Self Oriented Programming (SOP)
Andreas Iosifelis
Posted on November 19, 2020
It's the first day at your new job.
You have been waiting for a job like this for a long time. You're eager to get github access and checkout the code of the project you have been assigned.
You open your vscode, open the embedded terminal and type git clone blah blah
.
You first look at the folder structure and you realize that something is very wrong with this project. There is no particular logic in the naming of the files and folders.
Then you open a file to take a look at the code. Oh, my, goodness...
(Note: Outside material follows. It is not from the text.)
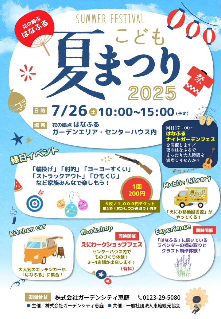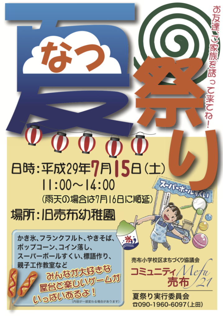 こども夏祭りチラシ花の拠点 はなふる ハナフル。
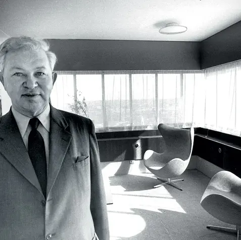 Arne Jacobsen (1902–1971) was a Danish architect and designer celebrated as one of the leading figures of modernism. Trained at the Royal Danish Academy of Fine Arts, he became known for his holistic approach, designing buildings, interiors, and furniture as unified compositions. His architectural work includes the SAS Royal Hotel in Copenhagen, where he created everything from the structure to the cutlery. As a furniture designer, he produced several 20th-century icons, including the Ant Chair (1952), the Series 7 Chair (1955), and the Egg and Swan chairs (1958). Jacobsen’s style combined functionalism with graceful organic forms, establishing a timeless aesthetic that continues to influence contemporary design worldwide.

With that said, I would like to introduce a term for describing a very old coding style. SOP aka Self Oriented Programming
.
Like OOP (Object Oriented Programming) SOP has a very particular logic behind it.
When you first see code written in the SOP methodology, immediately you have no clue what the heck is going on.
Variables with no particular naming pattern, Method names that are misleading and logic that just works but you can't figure out why.
In SOP, the most important thing is that only you and only at that moment, understand how your code is written and what it does. I mentioned only at the moment
, because it doesn't really matter if you open the project again after a year to fix a bug.
Bug?
Bugs are enemies of the SOP pattern. They don't actually exist when you use SOP. If something doesn't work, you don't try to fix it by changing the code, you fix it by changing the mindset of your user.
Here are some examples of the SOP methodology. I'm going to be using java_script! =)
class Ajax() {
constructor(first_name, lastName, e_mail, password) {
this.firstName = first_name;
this.last_name = lastName;
this.user_email_address = e_mail;
this.password = password;
}
public makeRequestTo_Server(url, params) {
return axios.post(url, params);
}
private sendRequest() {
return axios.get(url);
}
private sendRequest2() {
return axios.post(url);
}
public makeRequest_V2() {
}
public login() {
let pmrs = {
email: this.e_mail,
password: this.password,
}
return axios.post('/api/login', pmrs)
}
}
function writeDataToUser(userIsNotDeactivated = false, usr) {
if(!!userIsNotDeactivated) {
var req = new Ajax(usr.fn, usr.lnm, usr.eml, usr.pwd)
req.login()
}
const dt = usr.items.forEach((item) =>
req.items.push(item))
}
In the above example it's pretty obvious that the developer used the SOP methodology. Them and only them understand why this code was written and what it does.
Can you think of other examples/cases of the SOP methodology?